____ Provided records

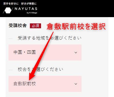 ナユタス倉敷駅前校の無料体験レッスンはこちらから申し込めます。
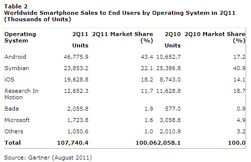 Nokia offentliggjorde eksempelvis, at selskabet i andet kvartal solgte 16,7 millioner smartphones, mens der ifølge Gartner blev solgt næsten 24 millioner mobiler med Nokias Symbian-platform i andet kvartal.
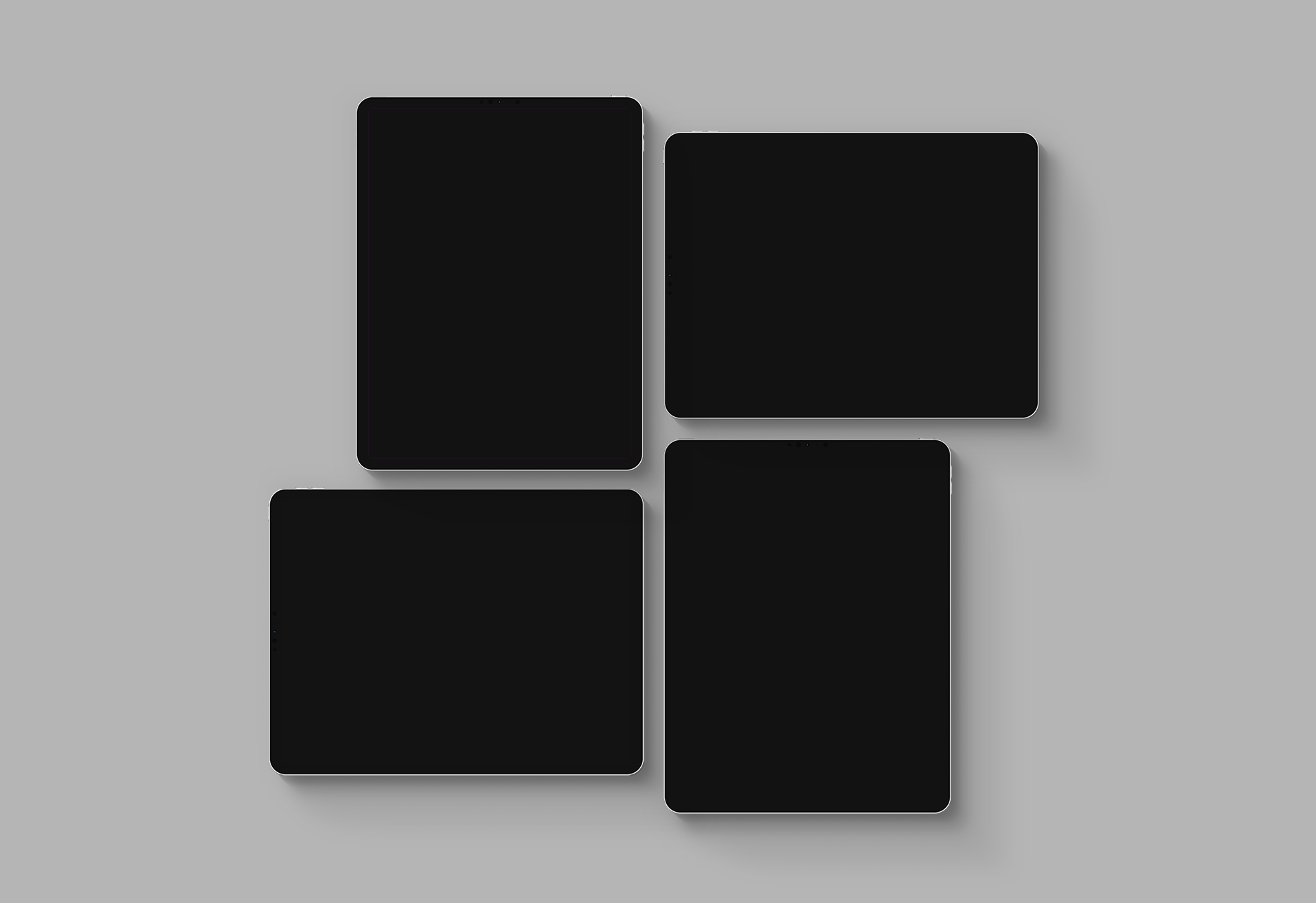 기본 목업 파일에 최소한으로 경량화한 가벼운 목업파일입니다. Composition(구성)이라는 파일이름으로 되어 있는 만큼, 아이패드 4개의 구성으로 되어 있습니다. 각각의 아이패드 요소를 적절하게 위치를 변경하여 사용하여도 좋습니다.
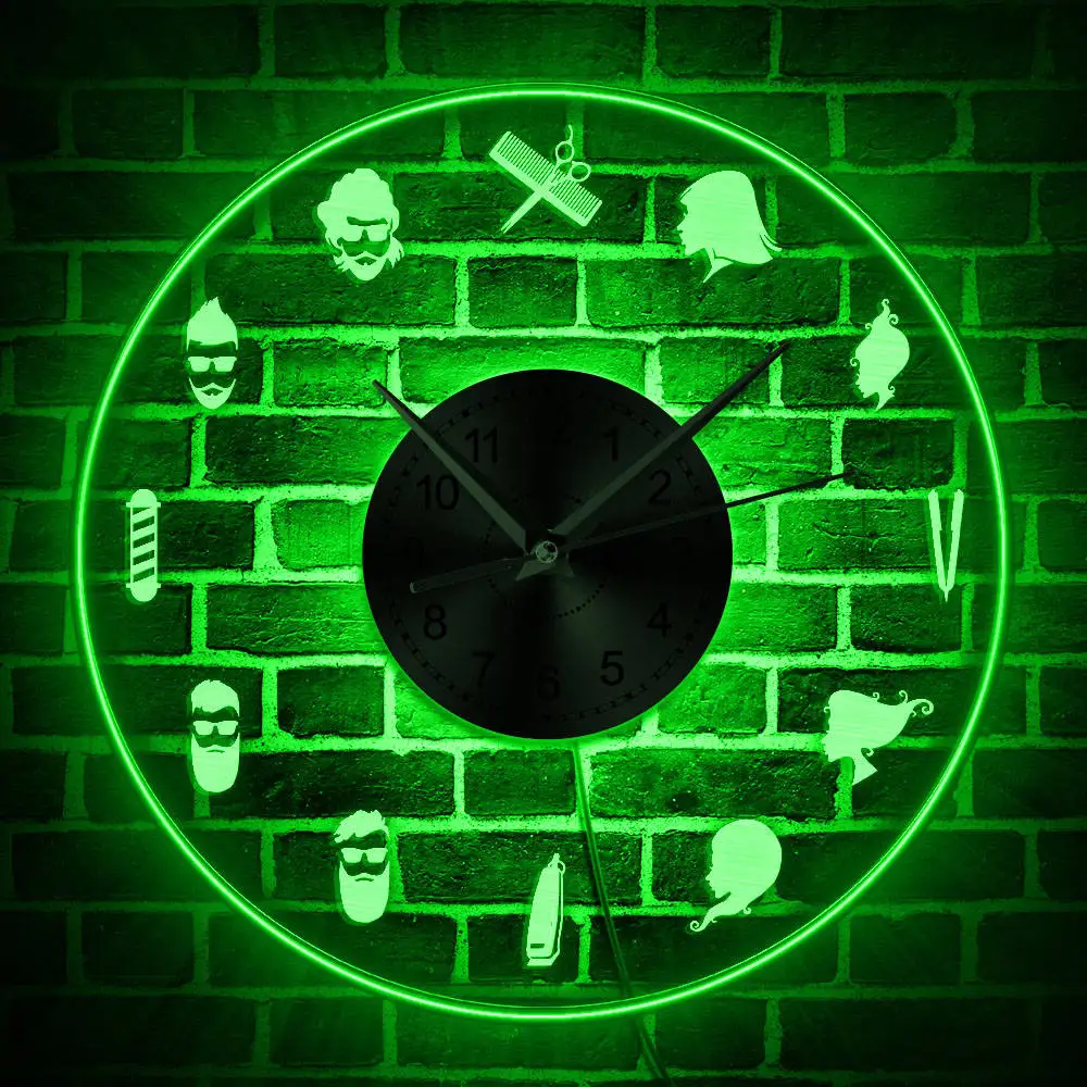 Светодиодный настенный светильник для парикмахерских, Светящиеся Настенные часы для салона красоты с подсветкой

________
____ Provided records

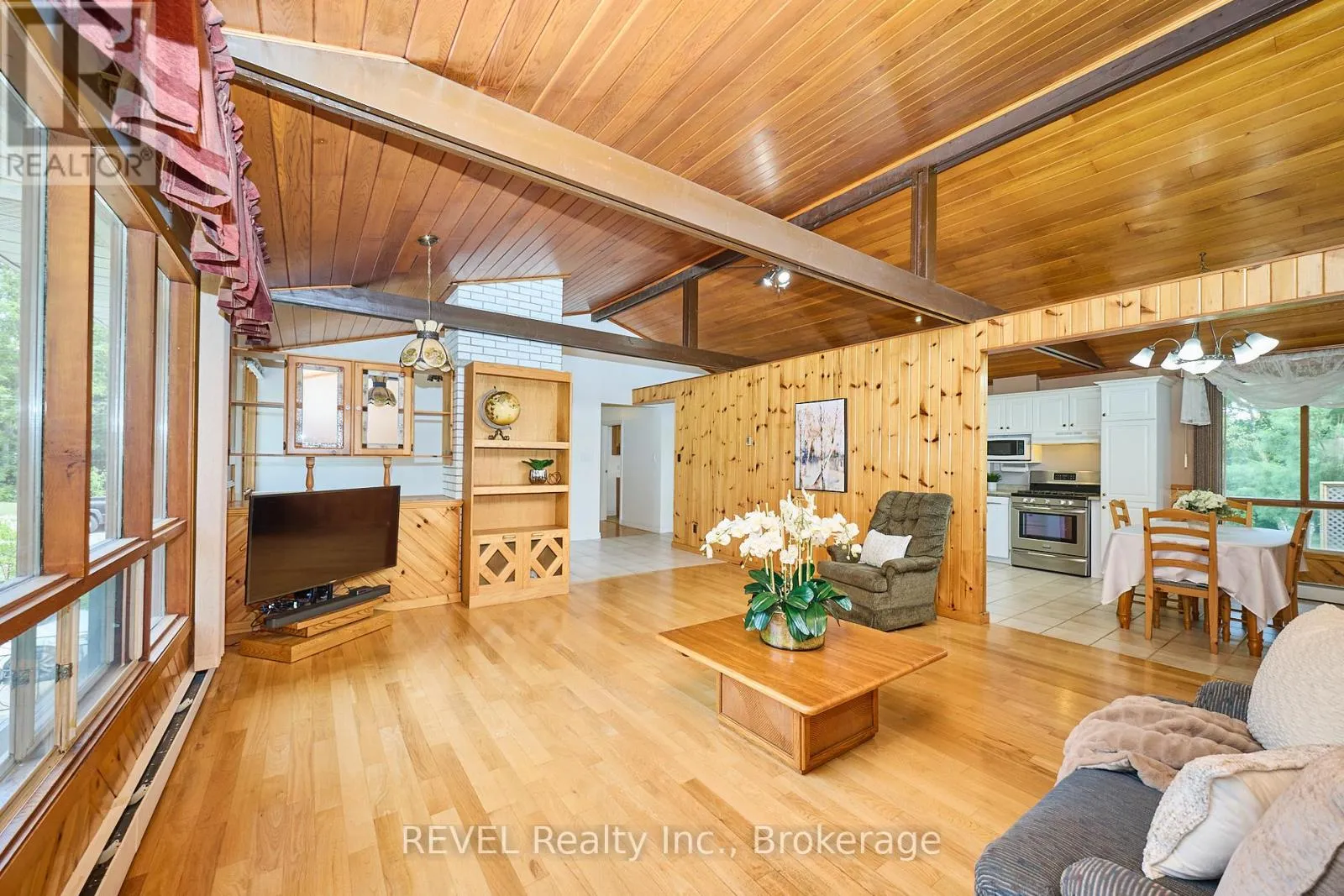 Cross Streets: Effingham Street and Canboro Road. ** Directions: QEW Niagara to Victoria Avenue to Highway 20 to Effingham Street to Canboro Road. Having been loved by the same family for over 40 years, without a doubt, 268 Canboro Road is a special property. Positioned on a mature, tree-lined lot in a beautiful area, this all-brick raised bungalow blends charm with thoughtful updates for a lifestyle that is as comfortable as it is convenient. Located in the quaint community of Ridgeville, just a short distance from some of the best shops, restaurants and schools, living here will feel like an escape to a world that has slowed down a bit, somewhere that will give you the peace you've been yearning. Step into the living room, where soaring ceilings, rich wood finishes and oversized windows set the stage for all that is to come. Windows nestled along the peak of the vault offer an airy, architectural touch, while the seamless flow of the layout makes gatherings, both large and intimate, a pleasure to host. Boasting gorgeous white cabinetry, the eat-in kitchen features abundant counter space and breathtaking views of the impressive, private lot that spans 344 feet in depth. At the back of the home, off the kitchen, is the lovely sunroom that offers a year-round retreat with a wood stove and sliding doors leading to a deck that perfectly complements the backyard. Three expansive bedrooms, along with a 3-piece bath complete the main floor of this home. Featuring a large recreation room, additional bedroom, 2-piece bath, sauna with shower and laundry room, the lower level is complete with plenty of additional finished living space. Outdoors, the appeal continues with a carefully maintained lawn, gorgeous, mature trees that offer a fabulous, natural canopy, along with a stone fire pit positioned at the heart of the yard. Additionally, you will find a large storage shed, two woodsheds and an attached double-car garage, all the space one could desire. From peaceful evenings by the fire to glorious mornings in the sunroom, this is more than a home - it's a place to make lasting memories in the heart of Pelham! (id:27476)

________

#### Task:
From the records above, output only the lines starting at the one containing "Nokia offentliggjorde eksempelvis, at" and ending at the one containing "Светодиодный настенный светильник", word for word. Pictures stay out.

#### Exercise solution:
 Nokia offentliggjorde eksempelvis, at selskabet i andet kvartal solgte 16,7 millioner smartphones, mens der ifølge Gartner blev solgt næsten 24 millioner mobiler med Nokias Symbian-platform i andet kvartal.
 기본 목업 파일에 최소한으로 경량화한 가벼운 목업파일입니다. Composition(구성)이라는 파일이름으로 되어 있는 만큼, 아이패드 4개의 구성으로 되어 있습니다. 각각의 아이패드 요소를 적절하게 위치를 변경하여 사용하여도 좋습니다.
 Светодиодный настенный светильник для парикмахерских, Светящиеся Настенные часы для салона красоты с подсветкой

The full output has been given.